3Measurement precision
If the system sums false negative and false positive cases over time to adapt detection probabilities, then the accuracy of existence probability estimation improves, but the loss of time for processing and storing historical data increases
Solution Approach 1:
The system performs periodic updates of detection and clutter probability models by summing false negative and false positive cases over time intervals. Rather than continuous processing, the system accumulates error cases and performs model adaptation at periodic intervals, reducing computational overhead while still achieving accurate probability estimation through cumulative learning from historical data.
Data Source
AI summary
A method for improving the estimation of an existence probability of objects. The objects are detected using sensors installed in a vehicle and/or an infrastructure component. Each tracker of a sensor and/or a sensor group estimates a status of an object and its existence probability using a detection probability model. The detected objects are merged in a fusion list, and each object is assigned a state and an existence probability.

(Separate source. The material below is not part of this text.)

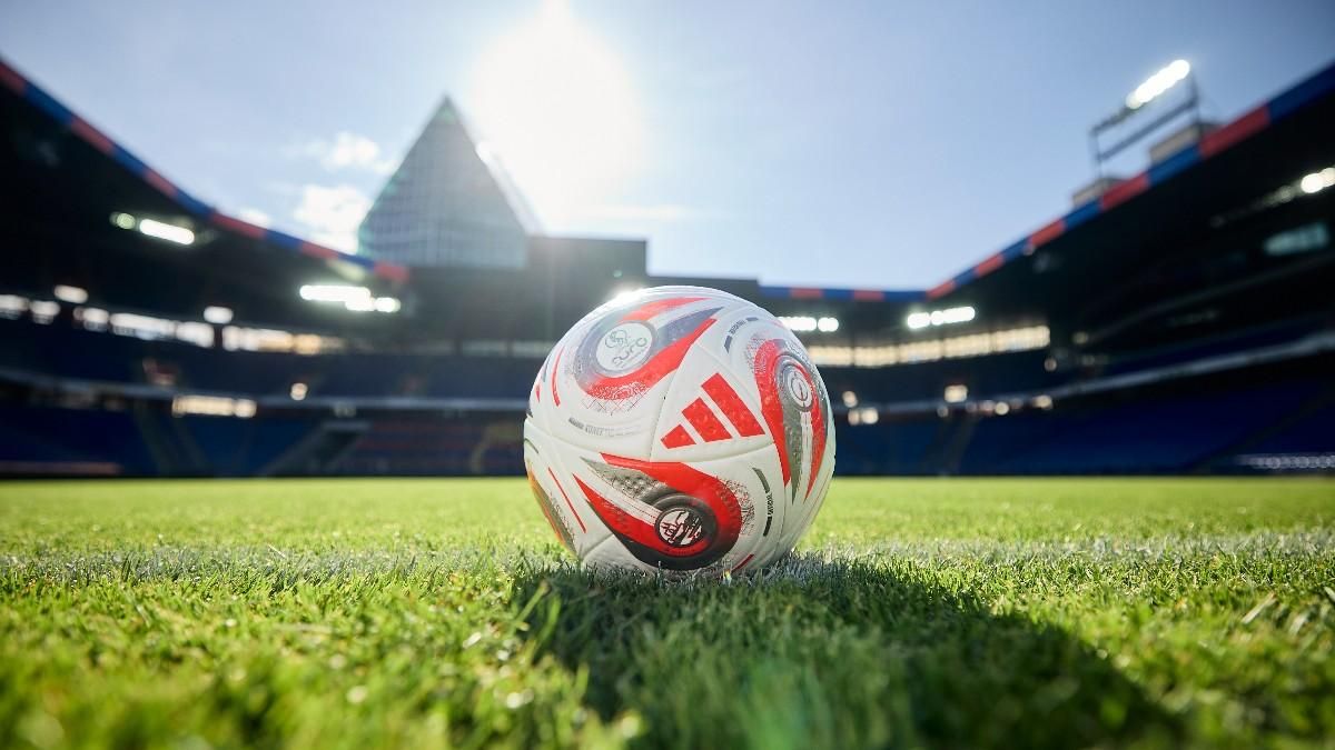 Hoy, adidas presenta el balón oficial para las semifinales y la final de la Eurocopa Femenina 2025. Sobre un fondo nacarado, Konektis presenta patrones en bloques de bordes dentados en rojo y plateado.

Each object of the fusion list is assigned existence probabilities. Each object of the fusion list is assigned additional information indicating which sensor and/or which sensor group has/have detected the respective object in the last measuring cycle. At least sensor-specific and/or sensor-group-specific existence probabilities of fused existence probabilities and the sensor detection probability are compared in a crosscheck, and false negative cases and false positive cases are ascertained for each sensor and/or sensor groups.